Yeah, but - rather use something like this

https://github.com/module-federation/nextjs-mf/blob/main/src/utils.js

OR if you need it in webpack runtime code.

https://github.com/module-federation/nextjs-mf/blob/main/src/NextFederationPlugin.js - look at my remote template builder + you need the AddRuntimeRequirementsToPromiseExternal plugin that I add on here to make webpakc_Require accessible to promise new promise.

Dont write your own script loader, trrrrust me.

If you want, consider porting over these parts to module-federation/utilities and making a PR. Ill happily publish it to npm and point my own packages to depend on those utilities :)

Ill do it at some point, just don't have the time to extract the useful tools and move them to the other repo.

https://github.com/module-federation/utilities

nathan-iag commented 2 years ago

Hey @ScriptedAlchemy - would moving to one of the proposed solutions (e.g. https://github.com/module-federation/utilities) break the Dashboard Plugin and it's ability to know which MFE a consumer is dependent on? My understanding of the Dashboard Plugin is it reads the (remotes) configuration of the ModuleFederation Plugin.

Also, do you think this behaviour of loading remoteEntry.js on startup/bootstrap of the Host will change to on-demand in ModuleFederation V2? It seems a little counter to load all remoteEntry.js files on startup when the MFE in question might not be used until a later flow, or not at all. We use React.Lazy combined with React.Suspense to ensure all the actual components are "lazy" / loaded on-demand.

I realise remoteEntry.js is small (so long as eager is not enabled on deps) and static, so there shouldn't be too many issues, but we've noticed if a request for a remoteEntry,js takes a long time to respond (server is available but responding very slowly/hanging) it can cause the Host app to stall. This can likely be resolved by using infra to cache remoteEntry.js, but it would be good to have the on-demand loading behaviour be the default.

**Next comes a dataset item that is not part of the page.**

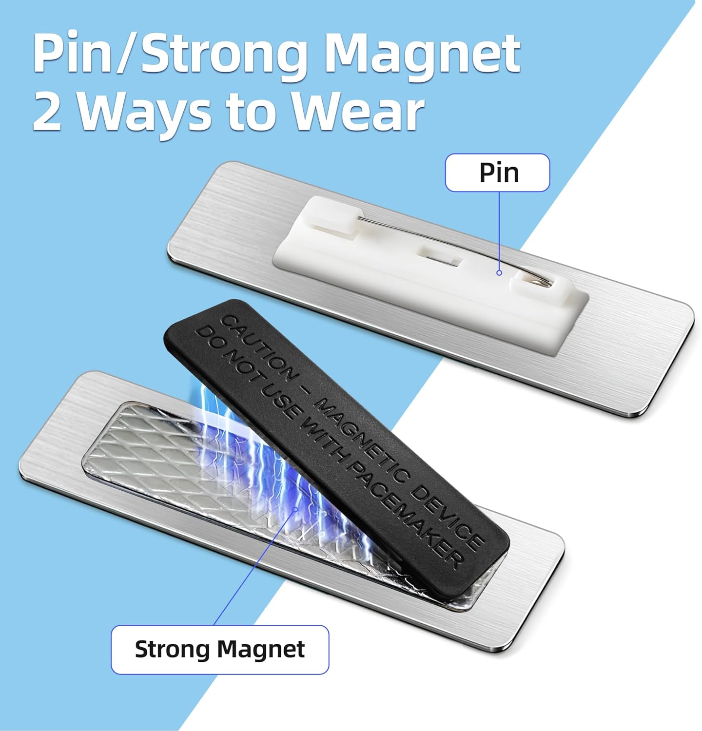 - Personalized Name Tags: Personalized name tags, can be customized to showcase your name and other desired information.NOTE:Caution-Magnetic Device Do Not Use With Pacemaker.

ScriptedAlchemy commented 2 years ago

Yeah static assets show go to a CDN instead of serving from internal infra

42shadow42 commented 1 year ago

I know this is closed, but I've encountered application delays caused by MFE's remoteEntries loading slowly even when they aren't used yet (lazy loaded) I've considered the option of dynamic remotes and got it working using this import logic:

export const MFEComponent = (url, name, path) => {
  return lazy(() =>
    new Promise((resolve, reject) => {
      __webpack_require__.l(
        url,
        (event) => {
          if (typeof window[name] !== 'undefined') return resolve(window[name])
          var errorType =
            event && (event.type === 'load' ? 'missing' : event.type)
          var realSrc = event && event.target && event.target.src
          reject({
            message:
              'Loading script failed.\n(' + errorType + ': ' + realSrc + ')',
            name: 'ScriptExternalLoadError',
            type: errorType,
            request: realSrc,
          })
        },
        name
      )
    }).then(async (remote) => {
      await __webpack_init_sharing__('default')
      await remote.init(__webpack_share_scopes__.default)
      const factory = await remote.get(`./${path}`)
      return factory()
    })
  )
}

However the remotes I am attempting to load are statically known, and supported by typescript, so a basic import of:

export const MFEComponent = (url, name, path) => {
  return lazy(() =>
    import(`MFE/ENTRYPOINT`)
  )
}

Would enable typescript support for these remote components. Any chance we can change the code generation of static imports to generate something similar to the above?